Sonunda geldik. Poşetten kurtulabileceğim. "Ananeeeee" diye bağırarak açık kapıdan içeriye girdim. Turşu turşu turşu turşu da arkamdan geldi. Poşetleri mutfağa bıraktık. Ben de kendimi sandalyeye... Nerde bu ananem.
"Kuzumm." merdivenlerden sesi, sonra mutfağa kendisi geldi. Sinan'ı görünce ona yaklaştı ve yakalayıp göğsüne bastırdı. "Hoş geldin gara guzuuuum." kollarını sarıp sağa sola salladı. Ağzım açık onları izledim.
"Dur.. Teyze... Mehlika teyze.." Sinan neye uğradığına şaşırmış kurtulmaya çalışıyordu. Ahahahahhaha. Ninecim onu oturtup saçlarını düzeltti ve omzuna vurdu birkaç kere. Sürahiden ikimize de su doldurup önümüze koydu.
"Yemeğe kal gitme emi."
"Sadece yardım ettim gideceğim."
"Olmaz öyle. Yemek saati gelip de bir yere gidilir mi? Bırakmam."
"Peki o zaman."
Vay vay vay. Bunlar ben yokken zaman geçirmişler gibi duruyor. İki gün yokum diye olana bak. Mehlika hanım yine ajanlık peşinde. Süper anane. Yok yok Mehlika Possible. Ahahahahhahah.
Kedim mutfağa girip benim yerime Sinan'ın bacaklarına bulaşınca bu cihanı terk etmem gerektiğine karar verdim.
Nankörlük de bir yere kadar. Demek ben yokken gelip herkesi kendi tarafına çekmiş. Boşuna düşman demiyorum ona. Mikroplu dediği kediyle oynuyor şu an. Bu değişim çok tuhaf geliyor. Suyumu son damlasına kadar içip gülümsedim. Yaşam çok garip. Kendime daha çok şaşırıyorum. Garip...
✨
Bankın tepesine kurulup yanında oturan kardeşine içeceğini uzattı. Badem sodayı alıp gülümsedi. Saçlarını tepeden toplamış, kıvırcıklarını anca öyle hizaya sokabilmişti.
"Sağ ol Sinan."
"Afiyet olsun."
Badem, Sinan tek kalmasın diye öğle arasını onunla geçiriyordu.

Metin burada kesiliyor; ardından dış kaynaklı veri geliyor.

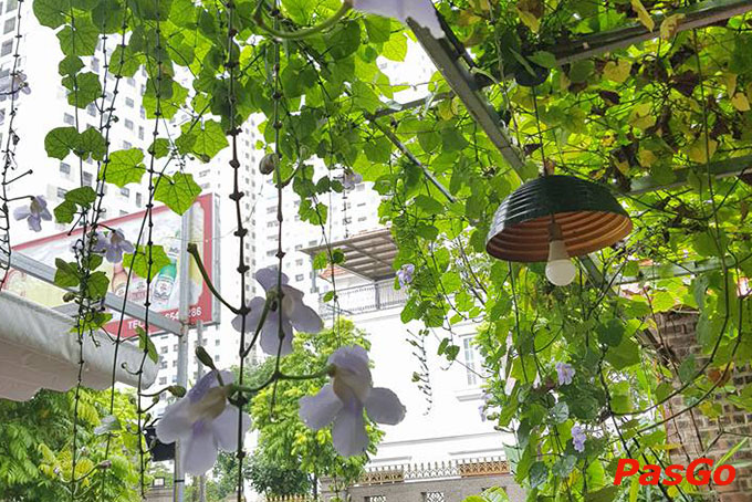 Không gian kết hợp cây xanh tạo sự thư thái có tại nhà hàng Khói Bếp 2.

"Nasıl gidiyor? Ne yaptın bizsiz?"
"Her zamanki gibi bakkalla ilgilendim. Yapacak pek bir şey yok." içeceğinden bir yudum aldı. "Siz ne yaptınız? Nasıl geçti?"
"Çok değişikti... Asya'yla barıştık."
"Ha o yüzden Arda seninle konuşuyor."
"Öyle gibi."
"Vay anasını. Nasıl barıştınız?"
"Asya'yla aynı odada kalıyorduk. Gece balkona çıktı, uyku tutmamıştı herhalde. Zaten o gün baya ağladı. Babasının mezarına gittik. Gelme sebebi oydu."
Dudaklarını birbirine bastırdı Sinan. Asya bundan hiç bahsetmemişti. Ne izin alırken ne de döndüğünde.
"Neyse ben de balkona çıktım. Konuşmak istedim. Pek niyeti yoktu ama dinledi. Ben ağlayınca dayanamadı herhalde. Affetti."
"Anladım."
"Sarıldı bana. Ben de ona sarıldım. İhtiyacı olan tek şey zaman makinesiymiş. Hangi zamana gitmek istediğini sordum. Babasıyla bir anısını anlattı. Kendini tutamadı anlatırken. Yaşlarını sildim."
"Nasıl bir anı ki?" sodasından aldığı yudumu zorlanarak yuttu.
"Babasıyla parka gidecekmiş, yağmur yağmış. Çıkamadığı için ağlıyormuş sonra babası onu dışarı çıkarmış. Yağmurda oynamışlar. O anlatırken baya güzeldi de ben onun gibi anlatamıyorum."
Burukça gülümsedi Sinan. İçeceğinin kâğıdını soymaya başladı.
"Sonra sabah arabada kavga ediyor numarası yaptık. Birbirimizin saçına yapıştık. Bizimkiler ayırmaya çalışınca gülmeye başladık. Şaşkına döndüler." O anı kafasında canlandırınca kahkaha attı.
"Siz de az değilsiniz he." dudakları kıvrıldı.
"Tabi olum. Var ya... İlk defa gerçek bir dostum varmış gibi hissettim. Çok.." ensenine yediği şaplakla sustu ve Sinan'a döndü "Napıyon ya!"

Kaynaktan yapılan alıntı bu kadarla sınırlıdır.